Load balancing of multi-thread routines load balance

Source: Internet
Author: User
Tags bitset rand strcmp

The paper wants to discuss the load balance, which is the load balance between various worker threads (processes) within a multithreaded (multi-process) server program.


Consider a common server model: A receiver thread is responsible for receiving requests, followed by a thread pool that contains a bunch of worker threads, and the requests received are assigned to these workers for processing. Receiver and the worker communicate through Pthread_cond+request_queue. The general practice is: Receiver will receive the request into the queue, and then signal the COND, OK. Specific which worker will be awakened, that is kernel thing (in fact kernel will follow the arrival principle, wake-up first into the waiting process, see "Linux Futex Analysis"). Usually this is enough, receiver wakes up the worker does not need to involve the logic of the load balance. But sometimes we can do some load balance work to improve the performance of the server.


Kernel Load Balance Overview





Since the load balance here is closely related to kernel's load balance, we need to see what kernel's load balance has done first. For more information, see "Linux kernel SMP load Balancing", here are just a few brief generalizations.





Plainly, kernel load balance do one thing: let the system in the running state of the process as far as possible to be allocated, in each of the dispatch field to see is balance. How do you understand it? Now the CPU structure generally has: physical CPU, core, hyper-threading, so several levels. "Balance on every dispatch field" is understood to be balance on every level: the total load on each physical CPU is equal to the total load on each core, and the load on each hyper-thread is equivalent.





We see in the system "CPU" is the lowest level of hyper-threading, we may intuitively think that the running state of the process of allocation to each "CPU" on the line, but in fact kernel load balance also have higher requirements. Suppose our machine has 2 physical CPUs, 2 core per physical CPU, and 2 hyper threads per core, a total of 8 "CPUs". If you now have 8 running processes (assuming the same priority), each "CPU" apportioned one process, then nature is balance. But if now there are only 4 running states (assuming the same priority), the real balance is not just that each process falls on a "CPU", but further requires that each physical CPU run two processes per core to run a process.


Why should there be such a strong constraint? Because although each "CPU" is logically independent (there is no master-slave relationship), they are not isolated. The "CPU" under the same physical CPU shares the cache, the "CPU" under the same core will share computing resources (the so-called Hyper-Threading is a set of lines running two threads). and sharing means scramble. Therefore, in the running state of the process is not exactly equal to each "CPU" case, we need to consider whether a higher level of the CPU is equally equal to avoid the cache and CPU line of contention (of course, in addition to performance, this also reflects the fairness of the kernel).





Finally, a little bit more, kernel's load balance is asynchronous. To avoid consuming too much resources, kernel is certainly not able to monitor each "CPU" situation in real time, and then react to changes in real time (except for real time processes, but this is outside the scope of our discussion).

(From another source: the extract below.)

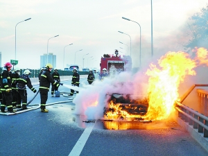 消防員趕到時,火勢正處于猛烈燃燒階段,就在大家準(zhǔn)備撲救之時,捷達(dá)車的前輪發(fā)生爆炸,鋼圈被震至橋下的河中,緊接著,油箱又發(fā)生了爆炸,將車門玻璃震碎,泄漏的油著火將整輛車包圍。

Server's load balance consider





With the kernel load balance as a cushion, look at what the receiver thread on our server can do.

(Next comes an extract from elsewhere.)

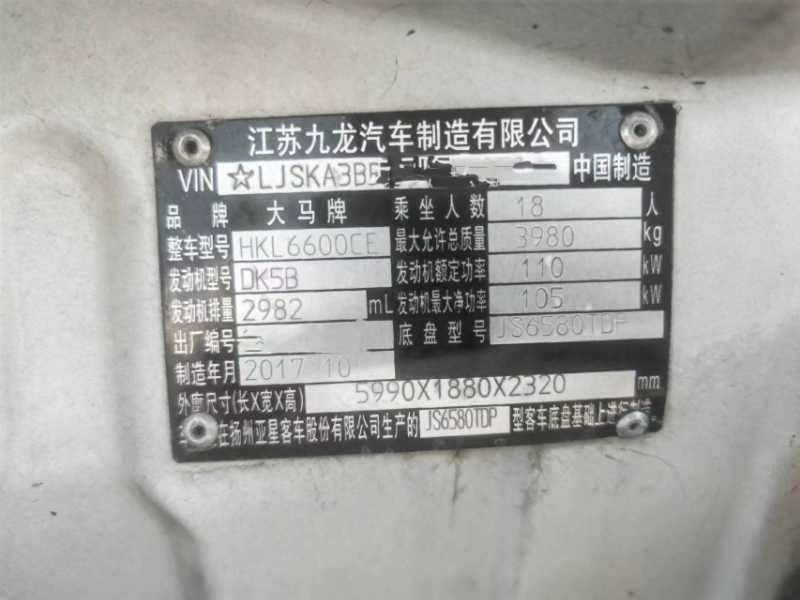 | 客车品牌 | 九龙客车 | 上牌时间 | 2017-11-23 |

The first is the number of worker threads. What happens if there are too many worker numbers? Or assume that our machine has the 8 "CPUs" above, assuming we have 80 workers, and assume that the 80 threads are assigned to each "CPU" on average, waiting for the task to be processed. When a bunch of requests come in, because our receiver does not have any load balance strategy, the awakened worker appears on which "CPU" can be said to be random. What is the probability of a "simultaneous" arrival of 8 requests falling to 8 different "CPUs"? Yes: (70*60*50*40*30*20*10)/(79*78*77*76*75*74*73) =0.34%. In other words, almost certainly there will be some "CPU" to handle multiple requests, some "CPU" but idle nothing dry situation, the performance of the system can be imagined. And wait until after knowing the kernel load balance will these requests balance to each "CPU" on, may request already handled almost, wait until the next batch of requests arrives, load is still messy. Because the worker threads that have just been balance have been put back to the end of the cond wait queue, the first responders to the new requests are those that have not been balance at the head of the queue.


Would it be possible to reach balance after several rounds of requests? If the request is really round round, and each request processing time is exactly the same, then may reach the balance, but the actual situation must be far from the difference.


What is the solution? The cond first out of the queue-type wait logic to change to LIFO stack logic, may solve the problem, but the better way is to limit the number of worker equals or slightly less than the "CPU" number, so it is natural to balance.





The second question, since we recognize the significance of the kernel load balance on each dispatch domain, can the receiver thread in our server be able to derive benefits from a similar approach? Now that we've learned the lesson, we've only opened 8 worker threads. Depending on the role of the kernel load balance, these 8 threads are basically fixed on each "CPU". Let's say there are 4 of requests now, and they fall to 4 different CPUs. If you are lucky, these 4 "CPUs" belong to different core, then the process of processing the request will not involve the contention of CPU resources, on the contrary, may form 2 core very busy, 2 core idle situation.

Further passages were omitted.